Hardware Specifications
Detailed hardware specifications of the Prometheus cluster
Categories:
Cluster Overview
The Prometheus cluster features a modern architecture optimized for deep learning workloads with high-performance GPUs, abundant memory, and fast storage systems.
Head Node
Management and login node for the cluster
Hardware Configuration
- Chassis: GIGABYTE R182-Z90-00
- Motherboard: GIGABYTE MZ92-FS0-00
- CPU: 2× AMD EPYC 7313 (16 cores/32 threads each)

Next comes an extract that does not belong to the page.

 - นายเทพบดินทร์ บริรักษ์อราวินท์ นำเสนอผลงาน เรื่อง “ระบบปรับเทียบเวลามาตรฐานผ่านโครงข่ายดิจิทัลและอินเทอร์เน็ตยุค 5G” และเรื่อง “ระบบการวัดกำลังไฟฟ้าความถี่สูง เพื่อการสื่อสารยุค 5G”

- Total CPU Cores: 32 cores / 64 threads
- RAM: 16× 32GB Samsung M393A4K40EB3-CWE
- Total RAM: 512GB DDR4
- Storage: 2× 1.92TB Intel SSDSC2KB019T8 SSD
- File System:
/trinity/home(400GB allocated)
Purpose
- SSH login and job submission
- File management and transfers
- SLURM job scheduling
- Not for compute workloads
Compute Nodes
GPU Nodes gpu[01-08] (8 nodes)
Primary compute nodes with NVIDIA A5000 GPUs
Hardware Configuration
- Chassis: Supermicro AS-4124GS-TNR
- Motherboard: Supermicro H12DSG-O-CPU
- CPU: 2× AMD EPYC 7313 (16 cores/32 threads each)

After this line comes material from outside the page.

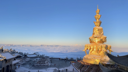 早餐后,前往峨眉山。【峨眉山-金顶】乘坐观光车(费用90元自理,上行索道80/下行索道40需自理)至雷洞坪,徒步至接引殿。峨眉金顶是以一尊48米高的十方普贤铜像为中心,由耀日的金殿、雄浑的铜殿、灼灼的银殿和洁白的朝圣大道组成的新金顶。金顶为峨眉山游程的最高峰,其海拔为3077米。顶上是个小平原,原有铜殿一座,在太阳的照射下,光彩夺目,故而得名金顶。登上金顶,人们顿觉万象排空,气势磅礴,惊叹天地之奇妙。在峨眉山金顶,还可能欣赏峨眉的四大奇景:日出、云海、佛光、圣灯。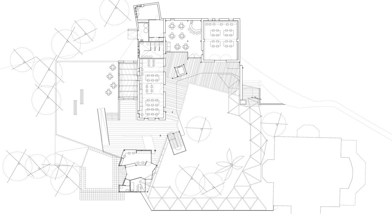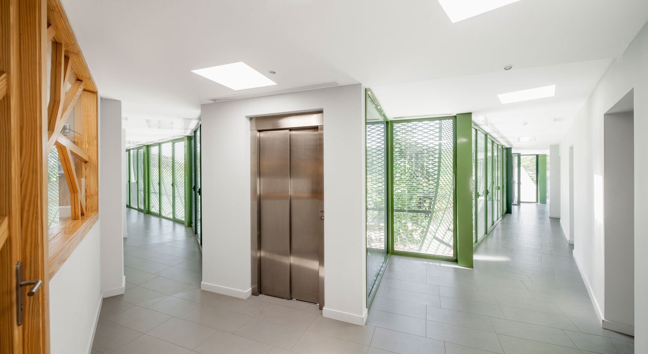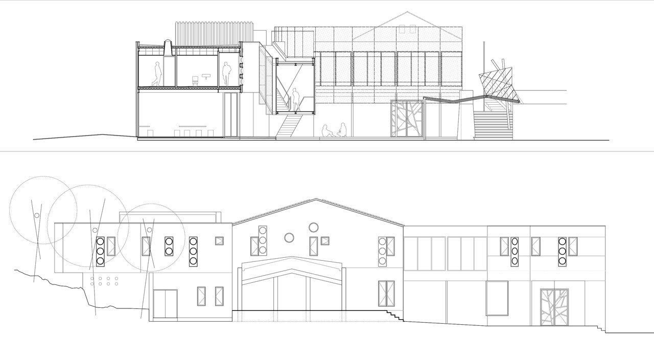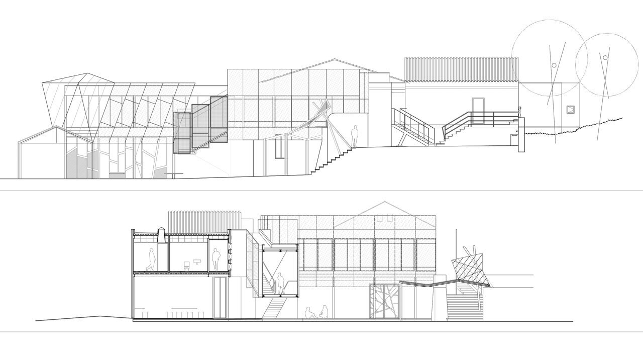 Nel progetto si è deciso di marcare la differenza tra ciò che è stato mantenuto e ciò che è di nuova costruzione. Pertanto, le facciate dei tetti a capanna del vecchio edificio sono stati ristrutturati con interventi minimi. Per lo stesso motivo, il tetto esterno della galleria a forma di T che collega entrambi gli edifici ha un aspetto molto diverso.

- Total CPU Cores: 32 cores / 64 threads per node
- RAM: 16× 32GB SK Hynix HMAA4GR7AJR8N-XN
- Total RAM: 512GB DDR4 per node
- Local Storage: 1× 1TB Samsung SSD 980 NVMe
GPU Specifications
- GPU Model: NVIDIA A5000
- GPU Count: 8 GPUs per node (64 total across all nodes)
- GPU Memory: 24GB GDDR6 per GPU
- CUDA Cores: 8,192 per GPU
- Tensor Cores: 256 RT Cores (2nd gen)
- Peak Performance: 27.8 TFLOPS FP32 per GPU
- Memory Bandwidth: 768 GB/s per GPU
Total Resources (gpu[01-08])
- Total GPUs: 64× NVIDIA A5000
- Total GPU Memory: 1,536GB (1.5TB)
- Total CPU Cores: 256 cores / 512 threads
- Total System RAM: 4TB DDR4
GPU Node gpu09 (1 node)
High-memory GPU node with NVIDIA A6000 Ada
Hardware Configuration
- Chassis: ASUS RS720A-E11-RS12
- Motherboard: ASUS KMPP-D32
- CPU: 2× AMD EPYC 7313 (16 cores/32 threads each)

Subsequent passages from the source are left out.